The transcript captures extensive dialogue with participants, particularly E..., who represents the common spiritual struggle of feeling lost and inadequate despite years of seeking. Bartholomew's response was characteristically direct: there is no "right way" to be on a spiritual path, and the very belief that one should feel a certain way creates the problem. He uses powerful analogies, comparing spiritual seekers to fish frantically searching for water while swimming in it, unaware of their natural environment.

A significant portion addressed the stages of spiritual development, explaining how consciousness must first strengthen the ego before it can transcend it. This includes a phase where the ego believes it creates through manifestation and willpower, followed by inevitable confrontations with events beyond its control. Only through this process does genuine humility arise - the recognition that something far greater is orchestrating life through us.

Bartholomew's teaching explores the relationship between consciousness and awareness, establishing that while we're always conscious (unless unconscious), awareness is something different and deeper. He makes clear this isn't another spiritual discipline to master, but rather a recognition that consciousness itself will naturally turn inward when ready. The distinction is meant to be understood, not pursued as another practice.

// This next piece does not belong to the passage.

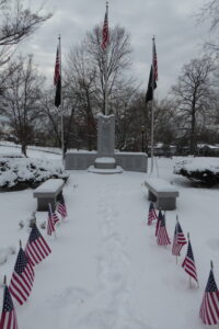 You notice these first: the two stone benches, three tall flag poles with the large red, white, and blue American flags flanked by the black Prisoners of War (POW) and Missing in Action (MIA) flags, and a stone pathway with smaller American flags leading to the imposing World War II monument. Above the names of several of the veterans, the inscription reads: “Glory to them that died in this great cause. In grateful memory of the men and women of the Tarrytowns who served in World War II.”

Throughout this session, Bartholomew addressed practical concerns about service, karma, and spiritual seeking, consistently redirecting attention away from doing and toward being. He challenged participants to drop their conceptual frameworks about how life should unfold and instead rest in the simple truth of their presence. The session culminated in the recognition that the process of awakening is inevitable once consciousness recognizes its true nature - there is nothing one can do to stop this natural return to awareness.